There you can see the string "General Electronics", the numbers 1004 (posts) and 137 (topics). For a beginning I want to place these values (one String, two ints) into a class(or struct) and then put that into a QList. The sending to Arduino can come later.

So, how do I parse PHP in C++?


This is the first time I'm unsure about that forum to post this in, so if it's wrong, please delete or move it.

JanD

PaulS

Quote
So, how do I parse PHP in C++?

The first thing you should do is post in the appropriate forum.
The second thing you should do is learn to recognize what it is you want to parse. The stuff you showed is HTML, not PHP.

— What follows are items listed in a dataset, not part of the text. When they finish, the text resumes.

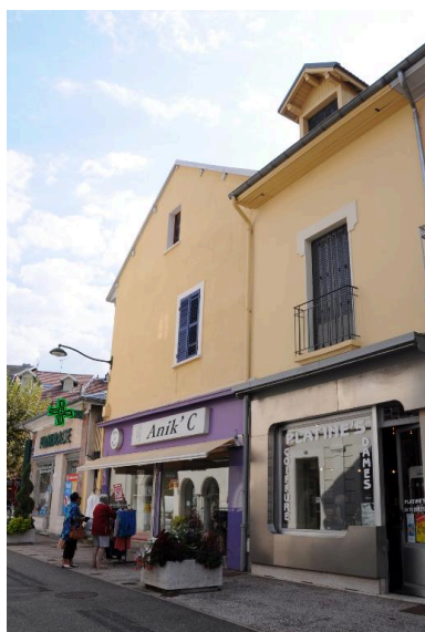
Façades latérales (rue du Commerce)

IVR82_20157300955NUCA
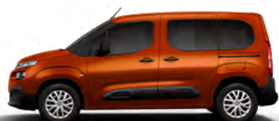
HNEDÁ CUPRITE (M) (Nie je možné objednať pre LIVE PACK)

M – metalická farba; N – nemetalická farba
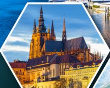
ปราสาทปราก
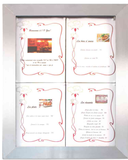
LED-Schaukasten STAINLESS STEEL, 4x DIN A4
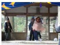
093_伊勢神楽奉納【博物館】092
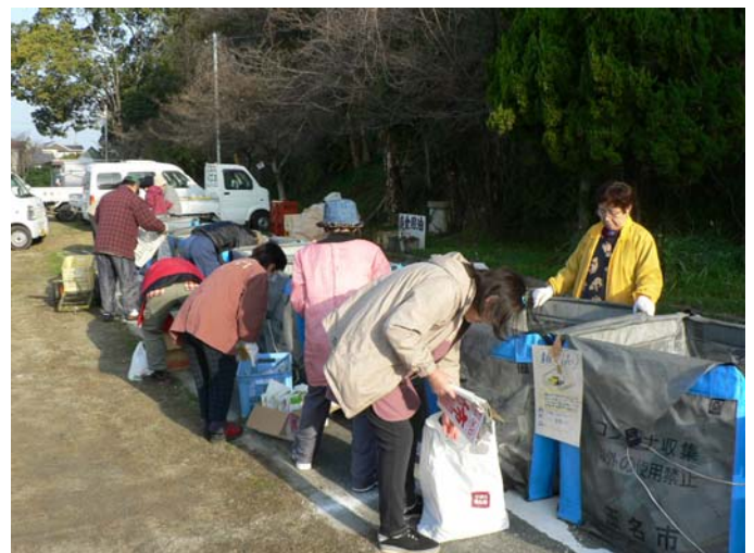
住民による資源ごみのコンテナ回収作業 (天水グラウンド)

Reduce(減らす)・Reuse(再使用)・Recycle(再利用・再資源化)の頭文字を取ったものです。
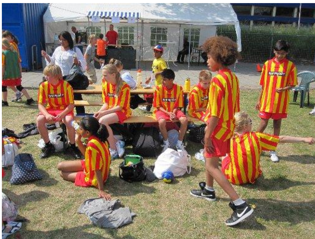
Tijdens het korfbaltoernooi

In de onderbouw staat bewegingsonderwijs dagelijks op het programma. De kinderen spelen dan op het schoolplein of in de speelzaal. De leerkrachten bieden individuele, groeps- en kringspelletjes aan die ook de sociaal-emotionele ontwikkeling bevorderen. Vanaf groep 3 krijgen de kinderen gymles in de sporthal, eenmaal van de vakleerkracht en eenmaal van de eigen leerkracht. De kinderen in groep 4 krijgen zwemles in “De Veur”. Deze zwemlessen vinden plaats onder verantwoordelijkheid van Passe Partout. Tijdens de zwemles wordt de pedagogisch/ onderwijskundige taak echter in handen gegeven van het zwembadpersoneel. Het zwembadpersoneel heeft- in tegenstelling tot de gymnastiekonderwijzeres- geen onderwijskundige bevoegdheid. De klassenleerkracht blijft daarom bij de zwemles aanwezig om extra toezicht te houden en zo nodig in te grijpen. Met de gemeente vindt op regelmatige basis overleg plaats om de veiligheid tijdens de zwemlessen zo optimaal mogelijk te laten zijn. Badpersoneel en klassenleerkracht dienen zich te houden aan het protocol dat is afgesproken tussen alle voornoemde partijen. Dit protocol heeft betrekking op de wijze waarin de kinderen van –en naar het bad begeleid worden, het toezicht dat daarbij plaatsvindt en de verdeling van verantwoordelijkheden.

Parsing data requires that is be in memory. You need to describe, or, even better, post some code, that shows how that data is stored in memory.

Each mechanism for storing the data provides some means for reading bits and pieces of the data. For example, if the data is stored in a char array, and is properly NULL terminated, the strtok function can return tokens, with each token delimited by a different (or the same) delimiter.

While this is useful for extracting the individual tokens, it is not of that much help in parsing well defined structures like HTML.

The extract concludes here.